Per the note, the dimension cannot be "too large" which per the drawing would mean further from the centerline -- (although it would also imply that -.010 isn't "too large" since the magnitude is negative). If it's NOT critical that the slot terminate before the centerline and indeed can pass over the centerline then this is a very odd way of going about it--as the machinist why would I target that nominal when I have a huge window to the other side of the centerline?

RE: strange centerline dimension tolerance

I've seen the one-sided tolerance used this way so as the machinist is working on the slot he first will hit the one value. If he's short of that he cuts more. If he goes over he has the full tolerance as a landing zone and he knows one end without the potential of making an error in addition or subtraction.

Find the center line with the tangent to a plug gauge that matches the cutting diameter; back off the .003, set the digital reading to zero. Replace the gauge with the cutter. Then the machinist has a clear -0.050 wide target zone.

One alternative is draw the notch as going over the center line by .022 and use a +/-.0.025, making the machinist responsible for figuring out both limits, when it looks like the goal is to be be stopped short by no more than. 0.003 and accept up to 0.050 clearance on the end.

RE: strange centerline dimension tolerance


What is a "programming dimension"?

I am satisfied that I can interpret your dimension. Is your diameter accurate enough to provide a good datum for measurement? If this were my part, I would call up a profile tolerance.


RE: strange centerline dimension tolerance


I am still thinking about your problem.

Which feature is generating your centre line? This is one of the problems with ± tolerances. Identify a datum feature, and call it up with a profile tolerance. Any feature that generates a centre line is a feature of size. If the feature of size is not accurate, you need to think through the implications of MMC/MMB on your profile tolerance.
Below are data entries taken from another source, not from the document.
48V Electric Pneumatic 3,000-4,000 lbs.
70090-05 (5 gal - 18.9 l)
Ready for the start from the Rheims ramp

RE: strange centerline dimension tolerance

If the nominal were .01 instead of .003 you wouldn't have any question would you?

You're over-thinking it because the arithmetic produces a negative number.
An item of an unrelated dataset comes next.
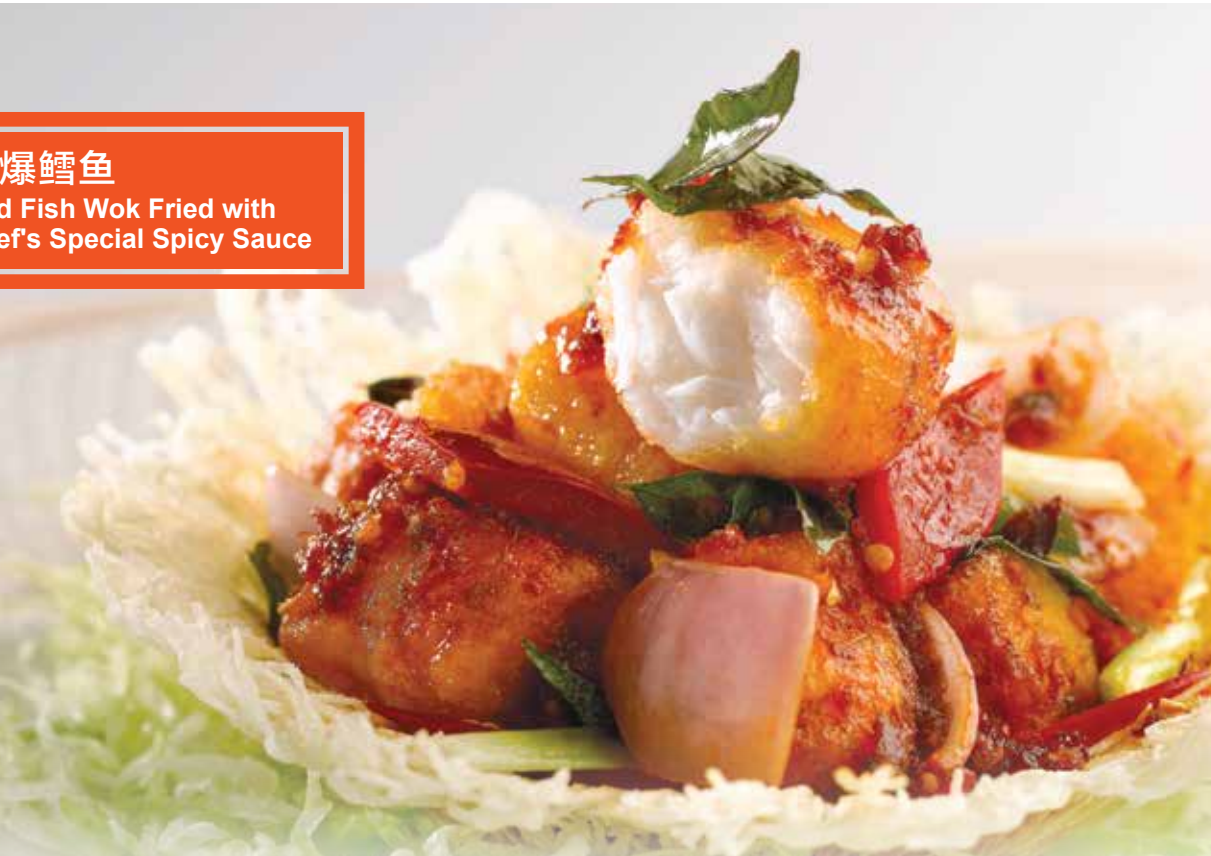
食 501. 酱爆鳕鱼 Cod Fish Wok Fried with Chef's Special Spicy Sauce

色泽金黄的鳕鱼块辅以辛辣的东南亚特色酱料，外层香辣酥脆，内里细腻鲜美！ This delicious creation of golden cod fish ingots is glazed with a piquant sauce made from a blend of exotic Southeast Asian spices, crusty on the outside, whilst moist and tender within.

RE: strange centerline dimension tolerance

.003 -.050 = -.047.
Not sure which side of the line they want it to go. It's not clear.

I also have never seen "programming dimension" before. Not sure what that means.

ctopher, CSWP
SolidWorks '19
ctophers home
SolidWorks Legion

RE: strange centerline dimension tolerance

I agree with drawoh and Chris that it is ambiguous as to which direction the negative tolerance would apply without knowing from which side the dimension originates. ponder
Profile can be your friend.

"Know the rules well, so you can break them effectively."
-Dalai Lama XIV

RE: strange centerline dimension tolerance

This isn't my product, I was looking at it to hold some stock to be machined. The stock needs to be cut with a dovetail to the specific dimensions in the drawing.
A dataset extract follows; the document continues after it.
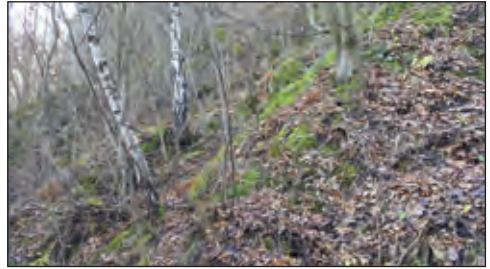
Figure 7. Bănița Fortress. Left: Entrance to the fortress. Right: the access path to the fortress

I had time just now to model up the stock dovetail portion per the nominals on the drawing. It appears that the design intent is to allow the slot to breach past the centerline. If you allow the tolerance to go the other way the locating pin in the fixture that the dovetail slides in will interfere. The locating pin just prevents sliding inside the dovetail show in arrows below. It shouldn't touch the radius portion of the slot walls.

Below is the nominal fit picture assembly. I believe the feature of size that would be creating the centerline would be the width of the dovetail .413 as seen in the last pic. I have no idea what programming dimension is.

Is a negative plus minus dimension like this allowed with the standard. It was confusing which way the negative tolerance was going until I modeled the assembly and saw it could breach the centerline.